Quelle est la situation actuelle?
Les jurés populaires ne siègent que dans les cours d'assises pour juger des crimes de droit commun (meurtres, viols, vols à main armée). Les jurés, tirés au sort sur les listes électorales et âgés de plus de 23 ans, sont neuf en première instance et douze en appel. Ils perçoivent une indemnité journalière de session, une indemnité journalière de séjour, une indemnité de transport et une indemnité pour perte de revenu professionnel si elle est justifiée. Les tribunaux correctionnels, eux, jugent les délits (vols, violences, infractions routières), c’est-à-dire des infractions punies par un maximum de dix ans d’emprisonnement. Les délits sont jugés par trois magistrats professionnels ou un seul dans certains cas.

Quels seraient les principaux changements?
Il y a beaucoup plus d’affaires jugées en correctionnelle que par la cour d’assises. «Il faudrait tirer au sort beaucoup plus de gens», indique à 20minutes.fr Odile Barral, vice-présidente du Syndicat de la magistrature. Ensuite, les procédures sont différentes. «Les assises, c’est une justice de luxe. On prend le temps, on réexamine tout, alors qu’en correctionnelle, il y a tellement d’affaires que le président va très vite et résume les faits», détaille la magistrate. A cela s’ajoutent les questions techniques et juridiques, plus nombreuses en correctionnelle et qui impliquent une formation nécessaire. En assises, elle est d’une demi-journée.

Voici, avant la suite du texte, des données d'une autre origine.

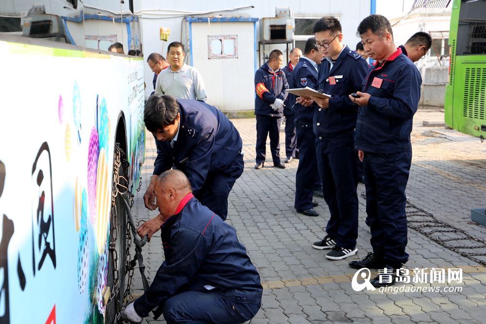 “遇到恶劣天气,需要驾驶员和维修工共同合作完成防滑链条的安装和拆卸工作,为了保证出车,提高安装速度非常重要。日常拆装一辆车两个轮胎的防滑链条一般需要10分钟左右,今天比武过程中最快的只用了3分钟,通过比武了增强了驾驶员和维修工的合作默契,提高装拆速度,为恶劣天气车辆正常运行打下良好基础。”崂山巴士公司副总经理高安介绍说,“冬运开始之前,崂山巴士公司的700余辆公交车全都要日常保养到位,检查过关。所有的驾驶员、维修工都要经过冬运工作操作规程的培训,确保遇到暴雪恶劣天气及时挂上防滑链条,保障冬季市民出行安全。”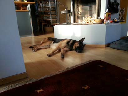 Hallo Michaela, Bonjour Martine Habt ihr das Bild schon gesehen? Da seht ihr Smokie in seinem Hauptjob als verwöhnter Pascha. Er hat übrigens in der Zwischenzeit gänzlich aufgehört zu knurren (ausser beim Tierarzt, da tut er wie ein Berserker). Wenn er jetzt vor irgendetwas Bedenken oder Angst hat geht er weg oder macht einfach Sitz. noch.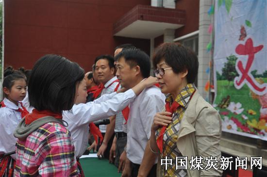 主席台上,少年先锋队队员为郭勃政、周保平等佩戴红领巾,领导和少年先锋队队员互致队礼。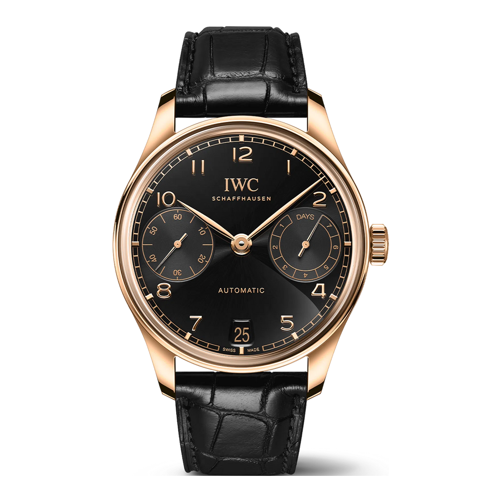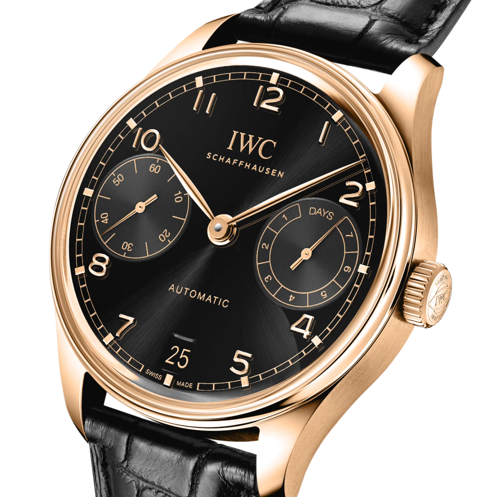 Die Ursprünge der Portugieser reichen in die späten 1930er Jahre zurück, als IWC Schaffhausen ein hochpräzises Taschenuhrwerk verwendete, um eine besonders grosse Armbanduhr mit Chronometer-Präzision zu schaffen. Die im Jahr 2000 eingeführte Portugieser Automatic 42 präsentiert ein offenes, ausgewogenes Zifferblatt mit einer Gangreserveanzeige um 3 Uhr und einer auf der gegenüberliegenden Seite um 9 Uhr positionierten Sekundenanzeige.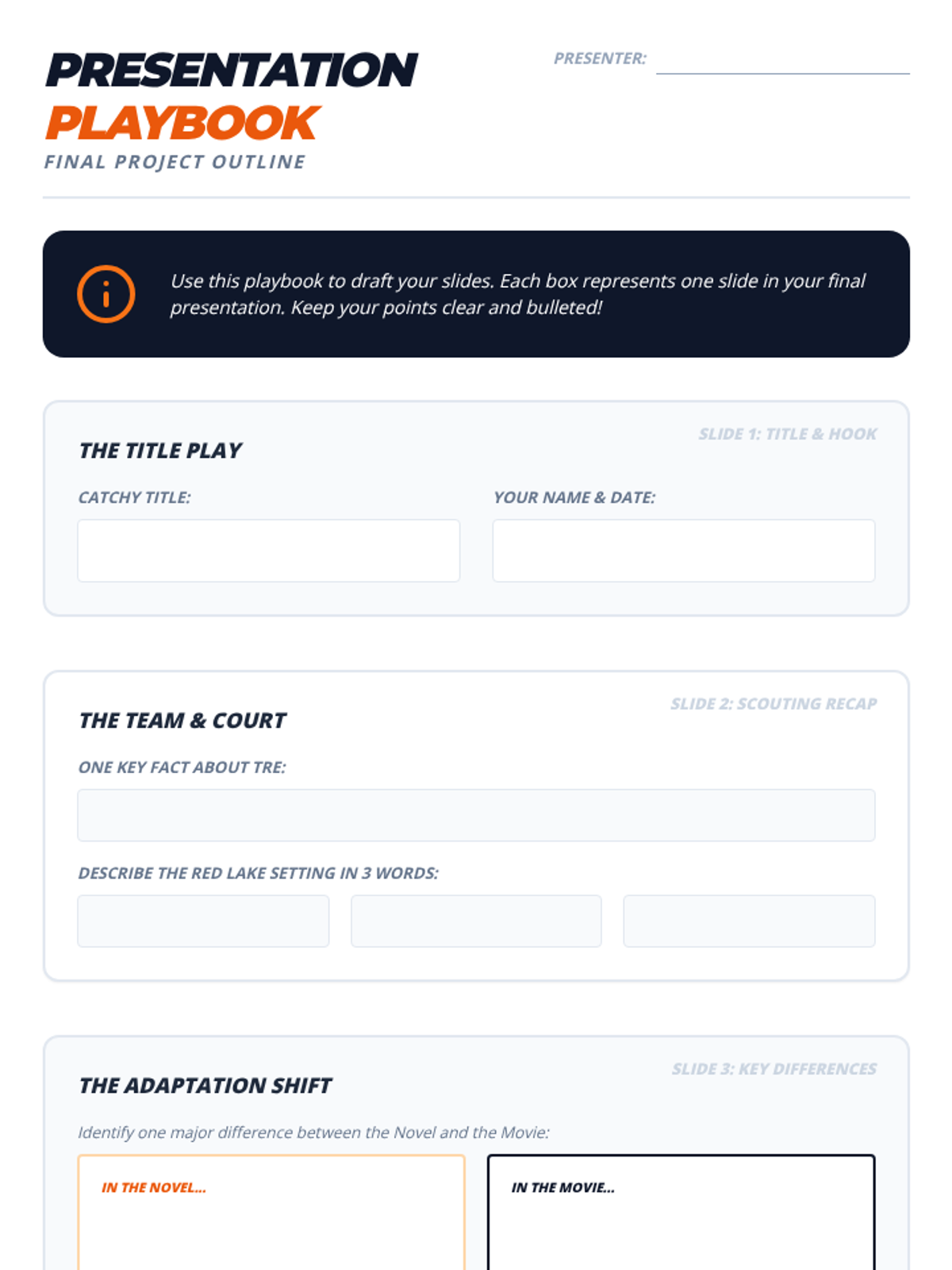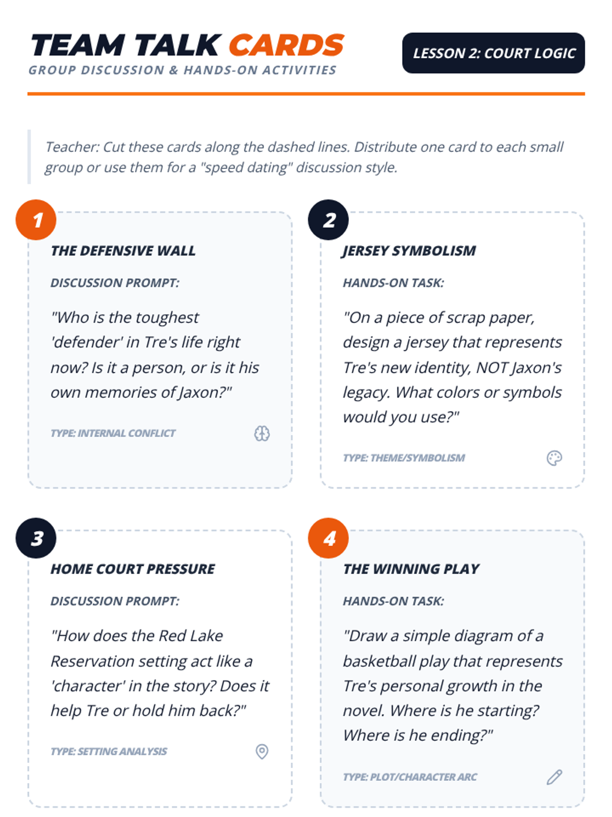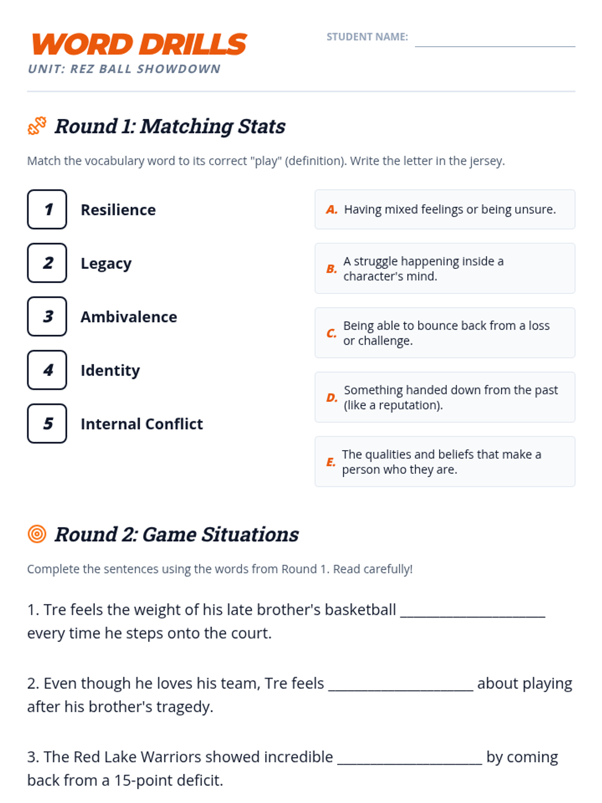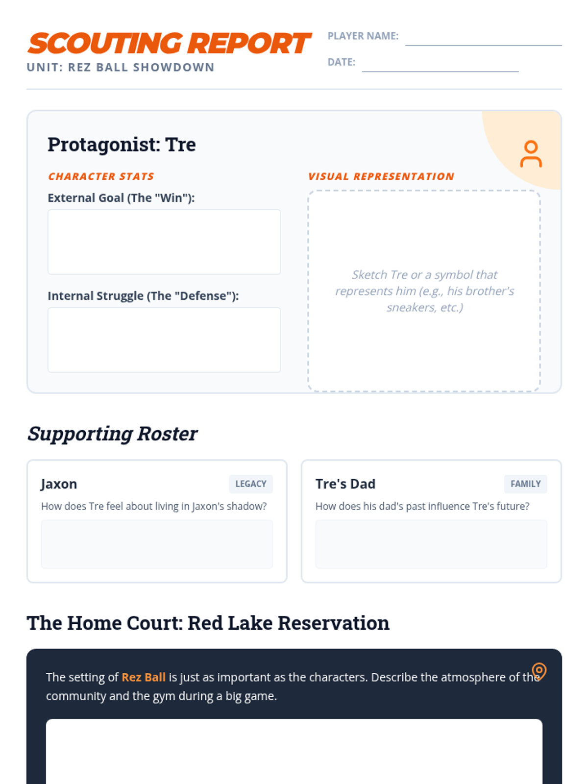 Introduction to the setting of Red Lake Reservation, the protagonist Jaxon Stone, and key vocabulary for 'Rez Ball'. Students will begin their character scouting reports.

La justice sera-t-elle plus sévère avec des jurys populaires?
Selon les députés à l’initiative de cette proposition, les sanctions sont en général moins lourdes lorsqu'elles sont rendues par des magistrats professionnels. Faux, répond Odile Barral: «C’est toujours plus facile de juger une affaire quand on est devant sa télé. Dans la réalité, les gens repartent du tribunal avec l’idée que c’est difficile de juger quelqu’un.» De plus, «comment vouloir que la justice soit plus sévère alors que les prisons sont pleines à craquer?», s’interroge la magistrate qui réfute l’idée implicitement exprimée d’une «justice laxiste».

Quelles sont les principales difficultés qui pourraient être rencontrées?
Outre celles représentées par les questions d’effectifs et de temps, il y a l’épineux aspect financier. «C’est un projet très coûteux alors que le budget de la justice se réduit. A l’heure actuelle, on a du mal à payer les jurés d’assises qui sont indemnisés avec du retard», prévient Odile Barral.

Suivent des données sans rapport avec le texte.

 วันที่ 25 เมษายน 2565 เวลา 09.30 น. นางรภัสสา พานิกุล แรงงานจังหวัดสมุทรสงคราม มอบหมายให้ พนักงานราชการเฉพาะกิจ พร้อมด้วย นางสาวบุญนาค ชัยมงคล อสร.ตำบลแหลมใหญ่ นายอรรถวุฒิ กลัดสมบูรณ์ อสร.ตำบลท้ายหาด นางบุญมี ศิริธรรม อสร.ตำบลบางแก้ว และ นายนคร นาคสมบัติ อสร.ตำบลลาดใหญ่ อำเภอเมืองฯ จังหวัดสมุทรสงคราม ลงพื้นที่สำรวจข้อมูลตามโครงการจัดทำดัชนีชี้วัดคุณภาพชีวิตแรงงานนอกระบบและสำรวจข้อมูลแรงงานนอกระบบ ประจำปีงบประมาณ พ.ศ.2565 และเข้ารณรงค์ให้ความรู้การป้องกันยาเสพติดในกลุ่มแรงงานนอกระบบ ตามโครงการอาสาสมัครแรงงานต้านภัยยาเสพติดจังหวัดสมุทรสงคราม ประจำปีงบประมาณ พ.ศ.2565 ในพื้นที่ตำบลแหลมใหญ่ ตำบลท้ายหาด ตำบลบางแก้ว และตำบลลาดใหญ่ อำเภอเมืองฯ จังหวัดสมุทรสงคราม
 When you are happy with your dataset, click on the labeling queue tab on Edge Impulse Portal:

Est-ce que cela pourrait concrètement voir le jour?
Pour des questions de budget et d’organisation, Odile Barral estime que ce projet est «assez complexe et paraît difficilement praticable». De son côté, l'Union syndicale des magistrats (USM) déclare ne pas comprendre cette idée car le gouvernement envisageait plutôt jusqu'ici la suppression des jurés populaires dans les procès de première instance en cours d'assises. Laurent Bedouet, secrétaire général du syndicat, souligne en outre que le Conseil constitutionnel a considéré en 2005 que les magistrats devaient rester majoritaires en correctionnelle, si bien que l'idée de Nicolas Sarkozy ne pourrait légalement voir le jour, selon lui.